## Description of the task
When you copy from the entries that follow, take only the lines from the one with "- Partial-open henley" down to the one with "Last July I", keeping both ends and dropping every picture.

## Supplied information
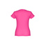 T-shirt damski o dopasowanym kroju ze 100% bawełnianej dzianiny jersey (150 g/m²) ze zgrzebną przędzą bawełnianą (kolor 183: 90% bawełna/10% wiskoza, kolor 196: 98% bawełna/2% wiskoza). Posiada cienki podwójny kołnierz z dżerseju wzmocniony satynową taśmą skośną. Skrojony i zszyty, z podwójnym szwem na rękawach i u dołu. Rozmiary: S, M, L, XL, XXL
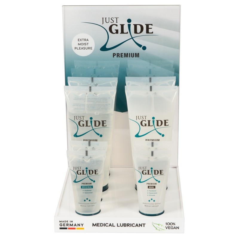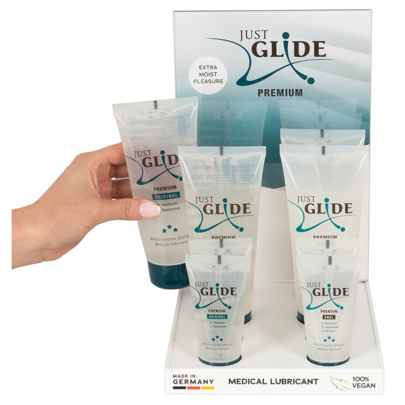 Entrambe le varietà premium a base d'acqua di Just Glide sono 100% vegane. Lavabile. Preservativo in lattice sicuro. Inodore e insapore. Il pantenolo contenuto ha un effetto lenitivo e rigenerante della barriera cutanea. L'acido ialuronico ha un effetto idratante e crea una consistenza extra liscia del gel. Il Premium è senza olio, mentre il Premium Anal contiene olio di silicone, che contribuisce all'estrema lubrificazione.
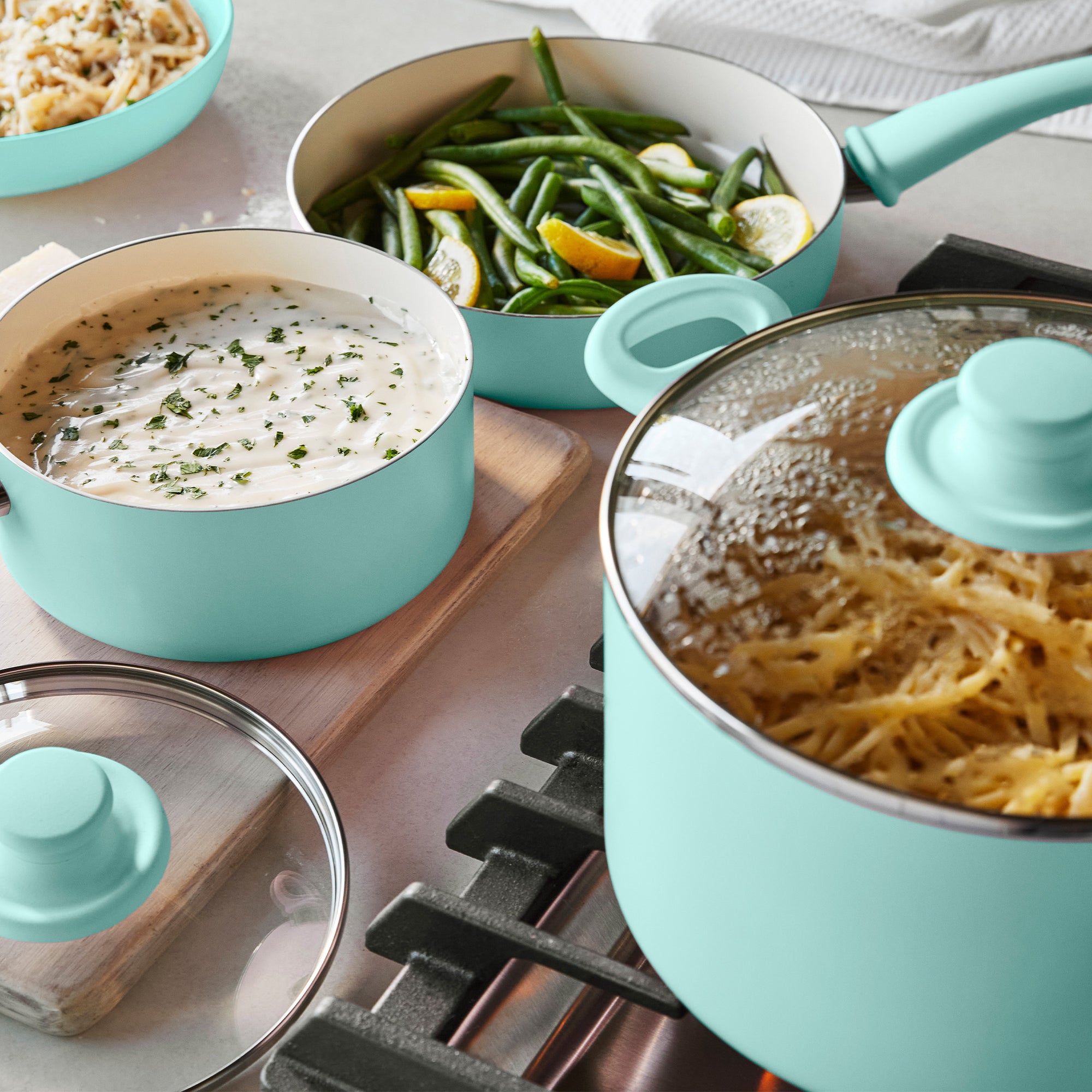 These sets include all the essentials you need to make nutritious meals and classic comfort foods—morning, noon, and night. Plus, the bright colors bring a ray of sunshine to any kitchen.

--

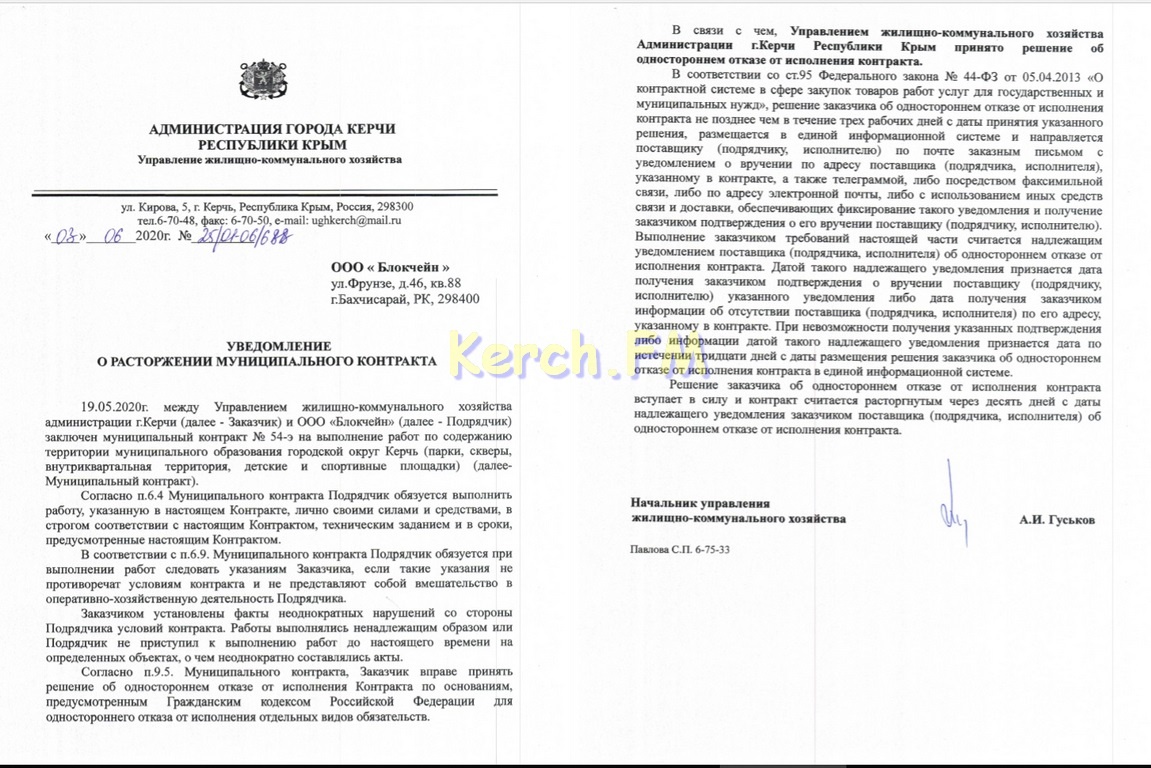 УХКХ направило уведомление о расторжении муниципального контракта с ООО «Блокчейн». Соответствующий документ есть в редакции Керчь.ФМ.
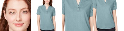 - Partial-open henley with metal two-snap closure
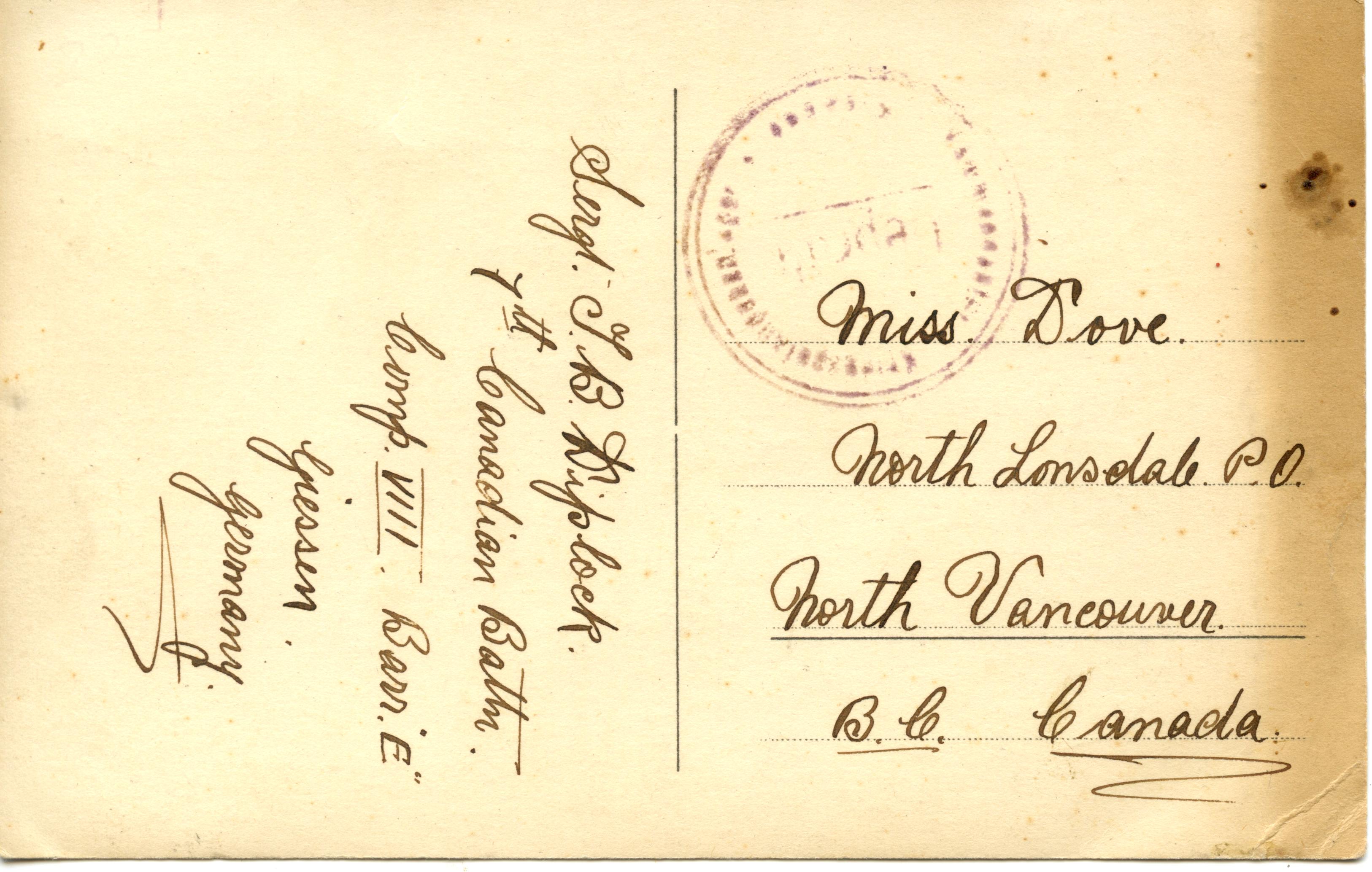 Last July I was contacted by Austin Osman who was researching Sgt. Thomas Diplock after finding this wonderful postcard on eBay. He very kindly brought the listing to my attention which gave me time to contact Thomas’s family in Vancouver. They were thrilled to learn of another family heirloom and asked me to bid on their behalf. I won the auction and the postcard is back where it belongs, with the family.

==

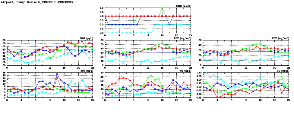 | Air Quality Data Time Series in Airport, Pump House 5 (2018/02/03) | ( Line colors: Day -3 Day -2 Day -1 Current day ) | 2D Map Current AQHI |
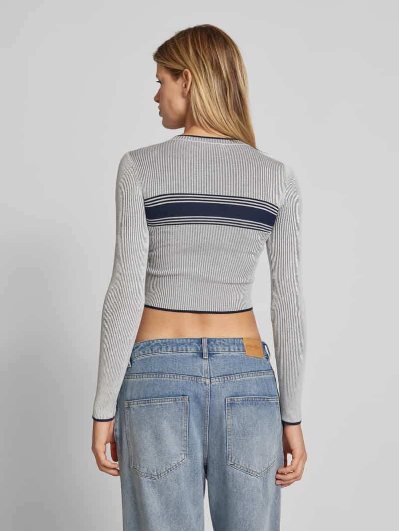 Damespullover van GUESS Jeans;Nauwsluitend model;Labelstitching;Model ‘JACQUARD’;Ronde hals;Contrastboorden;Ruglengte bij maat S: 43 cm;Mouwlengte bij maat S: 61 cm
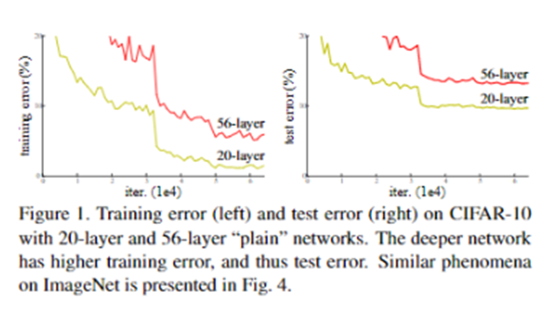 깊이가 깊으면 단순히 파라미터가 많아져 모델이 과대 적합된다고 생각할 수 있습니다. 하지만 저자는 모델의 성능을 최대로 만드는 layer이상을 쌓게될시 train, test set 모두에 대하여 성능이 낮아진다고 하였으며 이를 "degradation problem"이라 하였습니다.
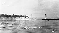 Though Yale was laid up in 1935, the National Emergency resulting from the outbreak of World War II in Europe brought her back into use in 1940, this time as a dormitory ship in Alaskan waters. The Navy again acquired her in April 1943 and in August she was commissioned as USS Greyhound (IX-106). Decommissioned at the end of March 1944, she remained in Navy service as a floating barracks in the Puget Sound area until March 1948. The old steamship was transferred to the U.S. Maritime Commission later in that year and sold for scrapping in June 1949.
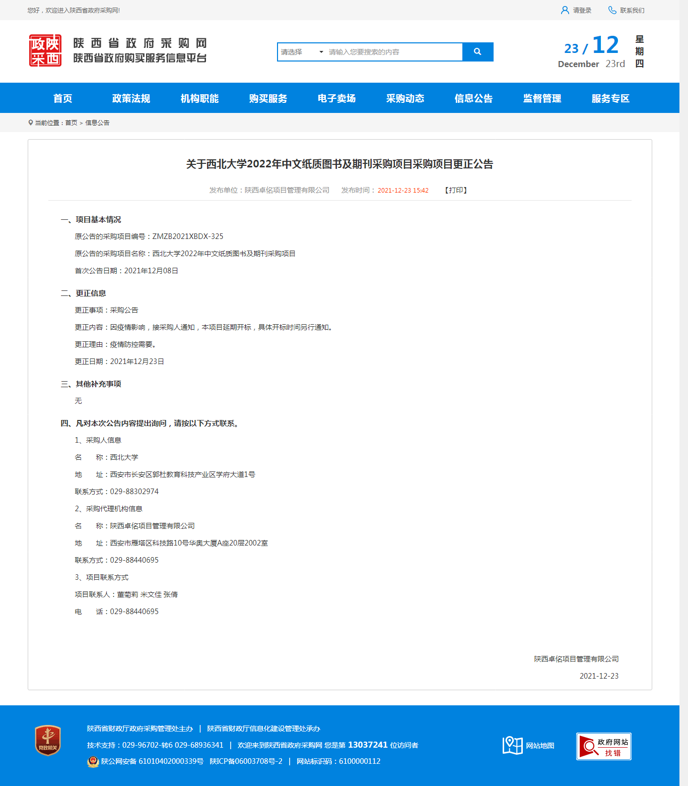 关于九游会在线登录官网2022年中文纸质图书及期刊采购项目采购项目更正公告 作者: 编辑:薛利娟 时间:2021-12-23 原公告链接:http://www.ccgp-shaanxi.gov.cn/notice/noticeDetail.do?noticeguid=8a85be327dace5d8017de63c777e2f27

## Exercise solution
 - Partial-open henley with metal two-snap closure
 Last July I was contacted by Austin Osman who was researching Sgt. Thomas Diplock after finding this wonderful postcard on eBay. He very kindly brought the listing to my attention which gave me time to contact Thomas’s family in Vancouver. They were thrilled to learn of another family heirloom and asked me to bid on their behalf. I won the auction and the postcard is back where it belongs, with the family.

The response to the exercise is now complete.